Сам Толстой бывал у Николая Алексеевича, и мне приходилось его видеть и слышать в простой, семейной обстановке.
Толстой тогда писал об искусстве, требуя от него добрых, христианских начал.
Попутно скажу о своем впечатлении от Льва Николаевича.
Один раз на рождестве, при закрытии ученической выставки, в опустевший зал вошел старик-крестьянин в полушубке и попросил разрешения осмотреть выставку.
— Толстой! — пронеслось среди учащихся, бывших на выставке, и все бросились за ним.
Лев Николаевич был необычайно приветлив, удивительно прост и сердечен в обращении с нами, учениками, старался не высказывать своего мнения, очевидно, чтобы не давить нас своим авторитетом, и больше выведывал наше мнение, наши взгляды на искусство.
И удивительное дело: гений, личность огромной величины — он умел сразу так близко подойти к нам, малым людям, и слиться с нами в общих интересах, что мы забывали про его величие, увидев в нем родственную, человеческую натуру и понимающего нас художника, величие которого нас не пугало.
Подошли мы к одной картине, мастерски, в духе Фортуни, написанной на библейскую тему.
— Это что? Это зачем? — почти вскрикнул Толстой.
Один из учеников заметил:
— Почему вам, Лев Николаевич, не нравится картина? В ней богатая техника.
— Техника? А что такое техника? — переспросил Толстой.
Ученик нашелся и отпарировал вопрос:
— Что такое техника — это вы, Лев Николаевич, прочитайте в ‘Анне Карениной’ объяснение художника Михайлова.
Лев Николаевич весело рассмеялся.
— Забыл, забыл, — говорит, — давно читал!
В другой раз, когда я уже заведовал передвижной выставкой, в момент ее закрытия подходит к кассе Толстой в сопровождении художника-Пастернака и просит у кассира пропуск на выставку.
— У нас, — говорю, — ученики и учителя не платят за посещение выставки.

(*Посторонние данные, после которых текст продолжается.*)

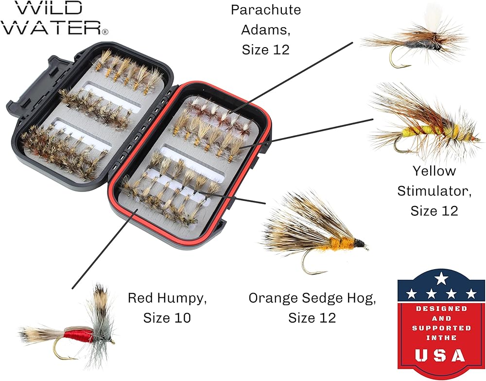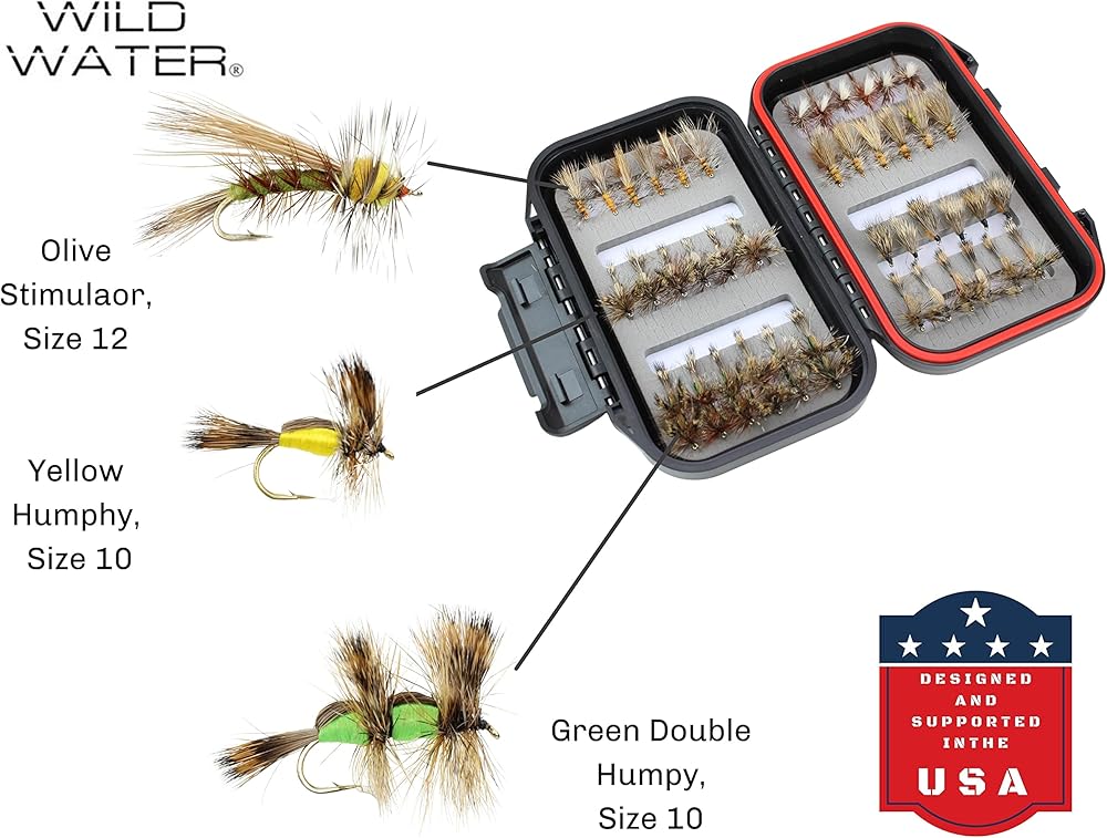 Wild Water is taking the guess work of selecting the right fly patterns to use!! This Attractor/Trout Stimulator Assortment is sure to give you a fly pattern that will get that fish!! We take our Small Fly Box and load it with 7 different fly patterns, you will get a total of 6 of each of the following patterns: Royal Wullf, size 14, Orange Sedge Hog, size 12, Orange Stimulator, size 14, Royal Stimulator, size 14, Parachute Adams, size 16, Yellow Humpy, size 10 and Red Double Humpy, size 10.
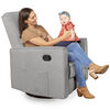 RELAXATION AND COMFORT, UNLIMITED: With ergonomic backrest support, multiple reclining positions, comfortable side rests, 360° swivel, and smooth gliding and rocking motions, the Raleigh is designed to provide full comfort to your body. TOOL-FREE ASSEMBLY AND EASY-TO-USE RECLINING MECHANISM: Setting up Raleigh is easy and requires NO TOOLS! Simply push back against the backrest for a comfortable recline. Use the easy-to-reach lever to control the footrest. BEAUTIFUL FINISHES FOR EVERY ROOM: It comes in sophisticated colors to choose from, a calm Fawn, sophisticated Greys, pleasing Light Blue, to charming Lilac. Finishes that will blend seamlessly into your nursery, bedroom or study!STRONG BUILD: The Raleigh is Greenguard Gold Certified and has a solid metal base that easily supports 360-degree swivel rotation and gliding capabilities. It is covered with an easy-to-clean durable polyester fabric with foam filling and has convenient side pockets. The Raleigh weighs 84 lbs and has a weight capacity of 250 lbs. Product dimensions are 31″ L x 32″ W x 39″ H inches. KEY SPECS: It meets all CA TB117-2013 flammability requirements and has a 1-year Limited Manufacturer's Warranty. This glider is sustainability-conscious and crafted with FSC Certified Wood. FSC (Forest Stewardship Council) Certifications recognize that the wood is ethically-sourced, ensuring the safety of our forests, environment, wildlife and human rights. The wood used in our Chairs is ethically sourced and is kiln-dried.

— Знаю, знаю, у передвижников это так, — соглашался Толстой.— Ну я и проберусь учеником, учеником…
На выставке оставался один посетитель — яркий представитель буржуазии, один из семьи московских купцов Морозовых, кутила и сумасброд. Про него рассказывали, что он, приезжал в какой-либо город и останавливаясь в гостинице, требовал выселения всех живущих в его этаже, заявляя: ‘Я плачу за все и не желаю, чтобы кто другой жил со мною рядом’. В модном, дорогом смокинге, с пышным красным цветком в петлице и сам красный от вина — он, увидев Толстого, начал бегать, вокруг него, спрашивая у меня:
— Это Толстой, Толстой?
Льву Николаевичу, видимо, надоело видеть перед собой вертящуюся фигуру, и он, нахмурившись, спросил:
— Что этому петушку надо?
Пришлось посоветовать Морозову оставить нас в покое, и тогда к Толстому вернулось хорошее настроение.
— Это что за барынька? — показывает на рисунок Репина с княгини Тенишевой.
— Рисунок, — говорю, — Репина, и очень хороший.
Толстой: — А зачем? Вот я спрашиваю у Репина: зачем он пишет ту или другую картину? Говорит — не знаю. Как так? Художник должен знать — зачем, и писать то, что должен.
Защищая пейзажи Волкова от нападок на них художников, говорил, что художники так увлеклись техникой, красками, что не признают простого, искреннего выражения, не любят мужичьего голоса.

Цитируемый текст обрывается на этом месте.